И когда Христос говорит: спасение среди вас, — это можно понимать по-разному. Кто-то поймет эти слова прямо: "Я с вами, Я даю вам спасение, только будьте со Мной", — и это хорошо. Этот человек удовлетворен, он не требует большего. Но для некоторых этого недостаточно. Они более чувствительны к тому, что означают эти слова Христа: обратитесь сердцем, превратите ваше каменное сердце в сердце плотяное. Эти слова мы обнаруживаем в Библии повсюду, это путеводная нить: обращение сердца, когда человек присутствует при своем собственном рождении. Это — спасение. Оно приходит и через нас, и через то, что древнее нас самих.
Лабарьер:
Можно резюмировать нашу тему словами Нищие, я их очень люблю: "Если Христос пришел совершить вместо тебя то, что ты сам не способен сделать, то ты несчастнейший из людей". Потому что спасение тогда становится для тебя отчуждением. Христос пришел разбудить в тебе силу спастись самому и спасти другого, с кем ты вступаешь в отношения. Но спаситель человека – он сам.
Ярчик:
Я задаю себе вопрос: не является ли онтологизация спасения даже в истории жизни Самого Христа предательством Христа? Потому что Христос совершил этот жест, но проходя мимо, то есть тут же исчезая, чтобы мы в свою очередь могли совершить тот же жест в одиночестве, в присутствии только самих себя.
Пореш:
Что такое тогда религиозное воспитание, на чем оно должно базироваться, да каких принципах?
Ярчик:
Прежде всего – воспитание кого? Детей или взрослых? Если речь идет о детях, то есть очень простые педагогические методы, которые пробуждают в детях их собственную глубину. Если речь идет о взрослом, то все зависит от его потребности. Приходит и спрашивает, и мы пытаемся ответить. Если кто-то из друзей спросит меня, что такое вера, я расскажу ему свой опыт: вот мой опыт, вот Евангелие, и вот как Евангелие стало для меня жизнью. И каждый раз Евангелие предстает как жизнь человека в общине. В такой общине, которая не должна насыщать до конца его опыт, а, напротив, быть открытой. И это парадоксально. Но ни в коем случае не превращать христиан в членов маленьких сект. Христиане — это полностью люди, которые повсюду в мире узнают послание Бога и Христа. Иначе будут маленькие группки, которые будут считать себя лучше, чем другие, и окажутся в крайне ложном положении.
Лабарьер:
Невозможно возвещать об истине, если не задан вопрос об этой истине. Апостол Петр говорит в своем послании: будьте готовы дать ответ каждому, кто спросит у вас о вашей надежде. И я думаю, что говорить о вере – это всегда отвечать на вопрос. Если нет вопроса, не следует говорить. Следует быть скромным. Бог скромен, Он не проявляется в громе и молнии, в урагане, Бог молчит. Он здесь, но Он молчит.
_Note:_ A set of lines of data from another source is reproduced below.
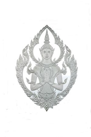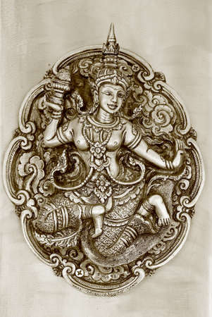 Silver carving female angel fly on clouds sky on wall with buddha image at the temple in Thailand.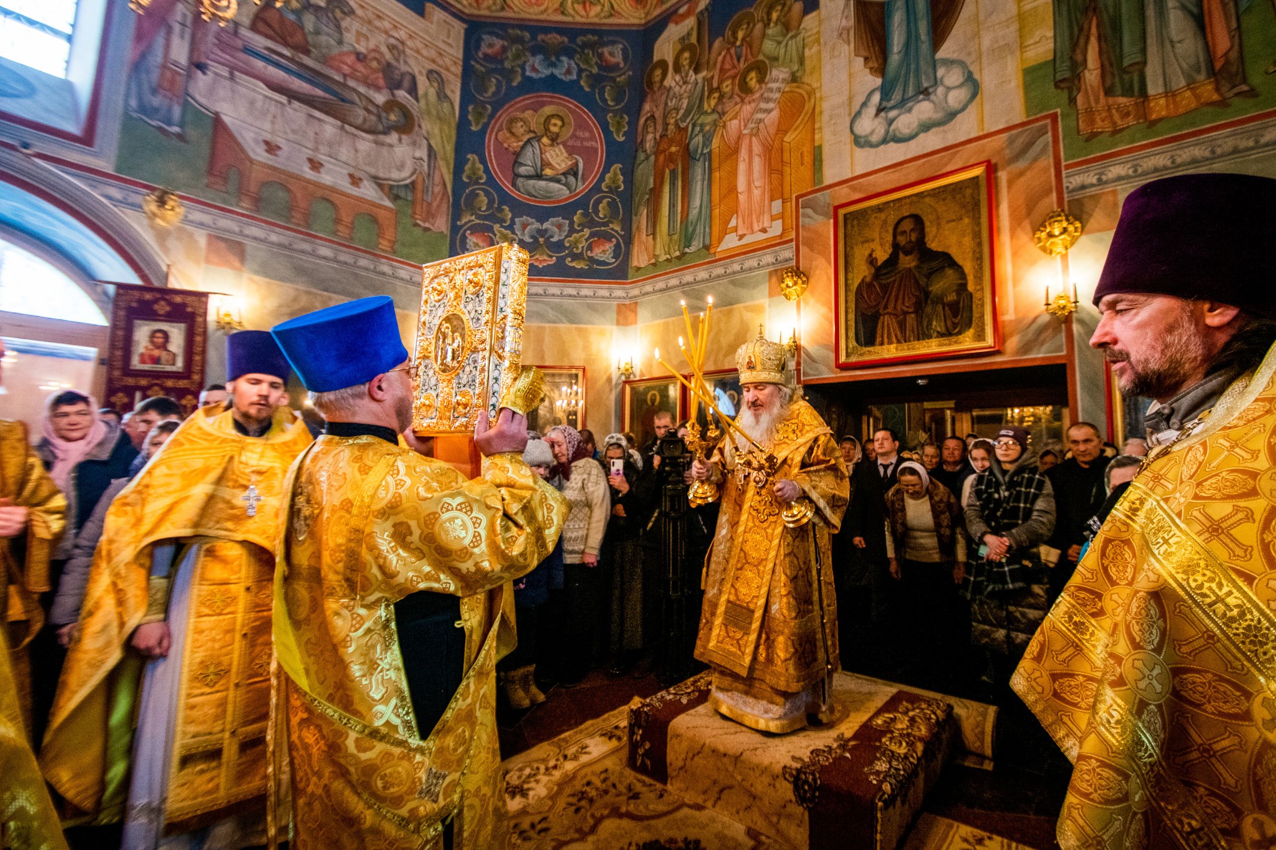 После чтения Евангельского зачала (Мф. 25:31-46) правящий архиерей обратился к молившимся со словом проповеди: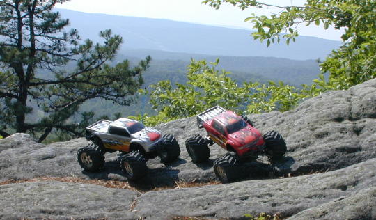 My wife and I each have a Traxxas E-Maxx. Hers is the silver, mine is the red. The next four pics are from the mountains of West Virginia.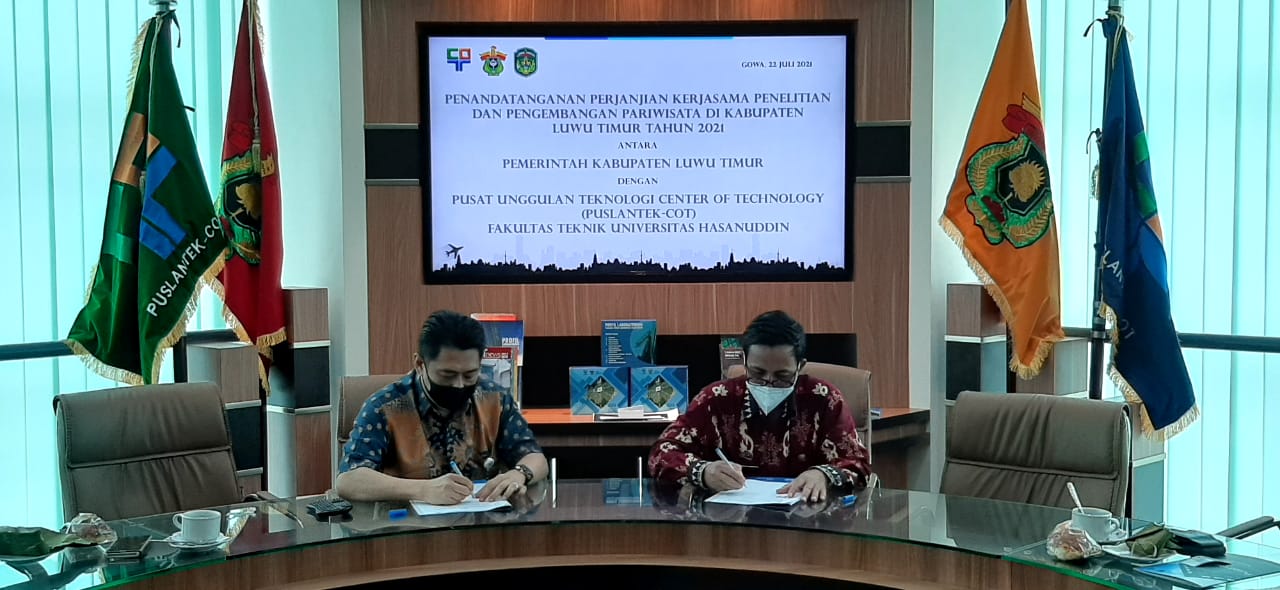 Penandatanganan perjanjian kerjasama (MoU) tersebut dilakukan oleh Kepala Bappelitbangda Lutim, Dohri As’ari dan Kepala Pusat Puslantek-COT, Dr. Eng. Ir. Nasruddin, ST., MT, di JK-CoT Building Faculty of Engineering Gowa Campus, Jl. Poros Malino Km. 6 Bontomarannu, Gowa, Kamis (22/07/2021).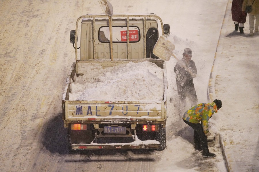 Sanitation workers clear snow from a street in Harbin City, northeast China's Heilongjiang Province, Nov. 22, 2021. (Xinhua/Wang Jianwei)
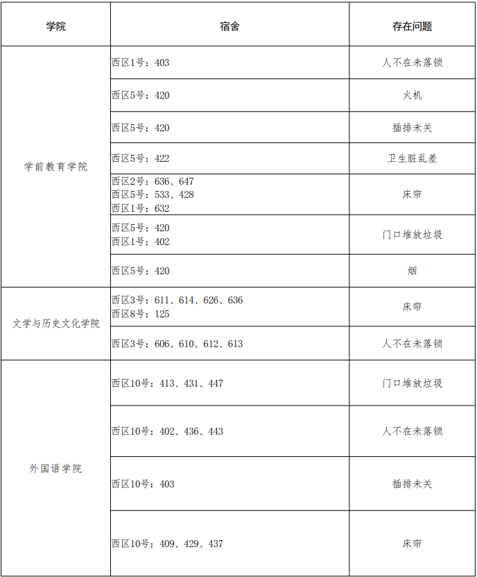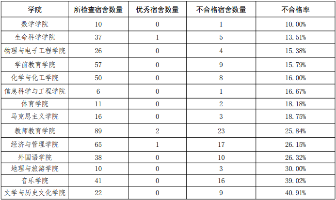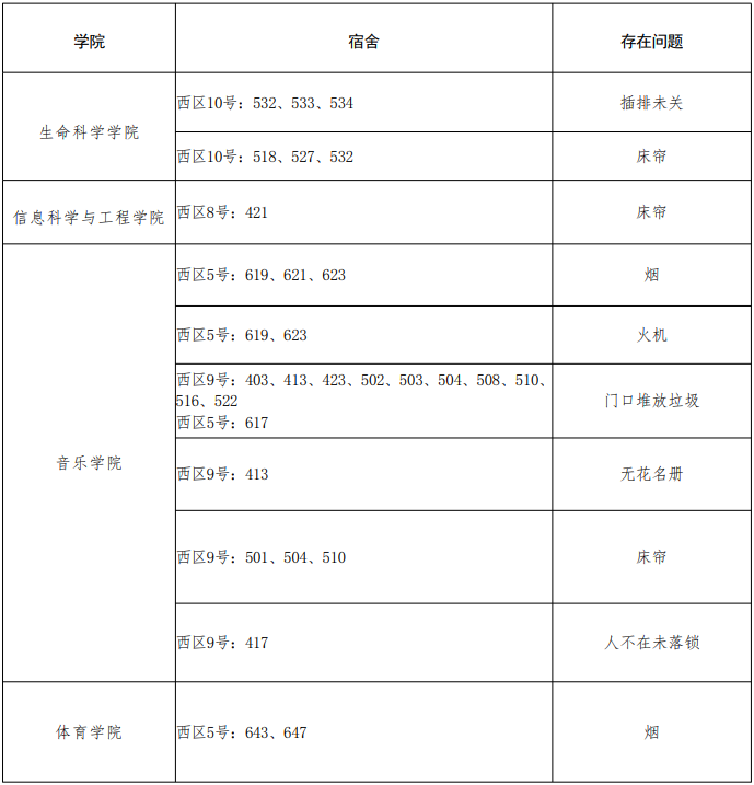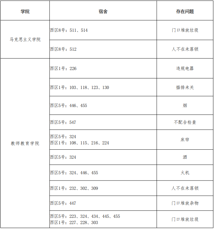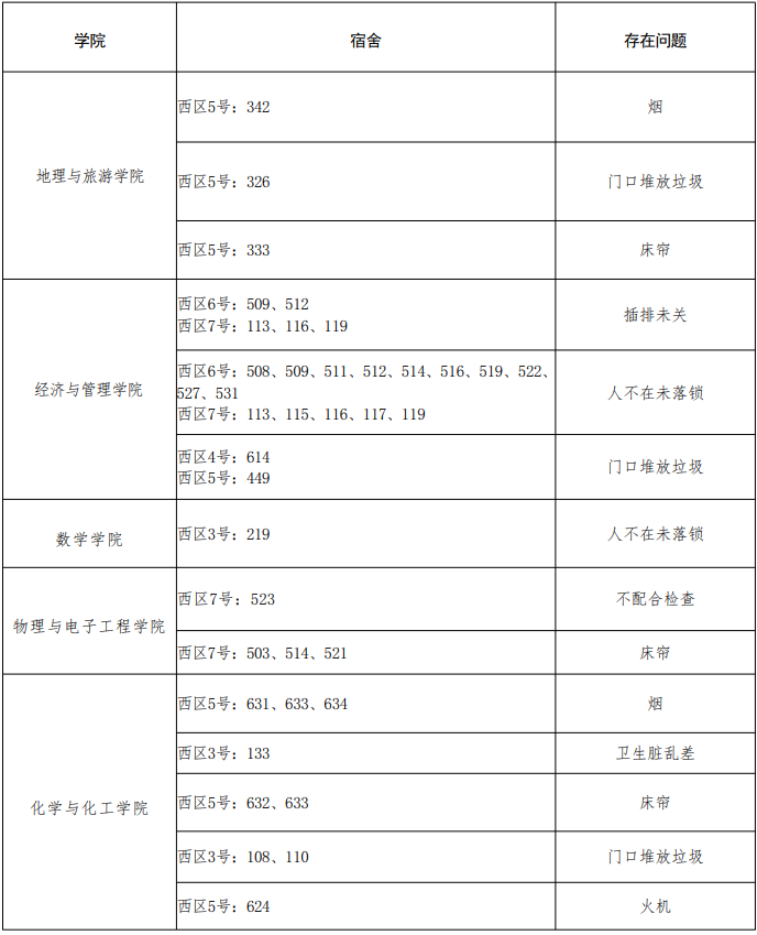 请各学院根据本周宿舍检查情况,认真整改,对问题宿舍学生进行严肃批评教育,对于学生违纪情况,落实好责任人并根据《齐鲁师范学院学生违纪处分规定》严肃处理,处理意见于 4 月 3 日下午 16:00 前交至学生工作部(处)学生管理中心报备。

Если христианин, даже не объявляя себя христианином, говорит как человек, живет как человек, свободно, гибко, внимая другому, и однажды его спрашивают: если ты так живешь, откуда у тебя это? Тогда отвечай: если хочешь знать, то вот моя история; есть Евангелие, есть история Христа, есть вера. Этот вопрос должен быть поддержан свидетельством жизни, и жизни молчаливой.
Ярчик:
Это то, что Мейстер Экхардт называет благородным человеком.
Лабарьер:
Да, у него есть трактат на немецком языке под таким названием: "О благородном человеке". Он ему дает такие определения: человек прямой, справедливый, благородный, утвержденный в истине и свободе.
Париж–Петербург
Источник: "Русская мысль", 7-13 мая 1998 г.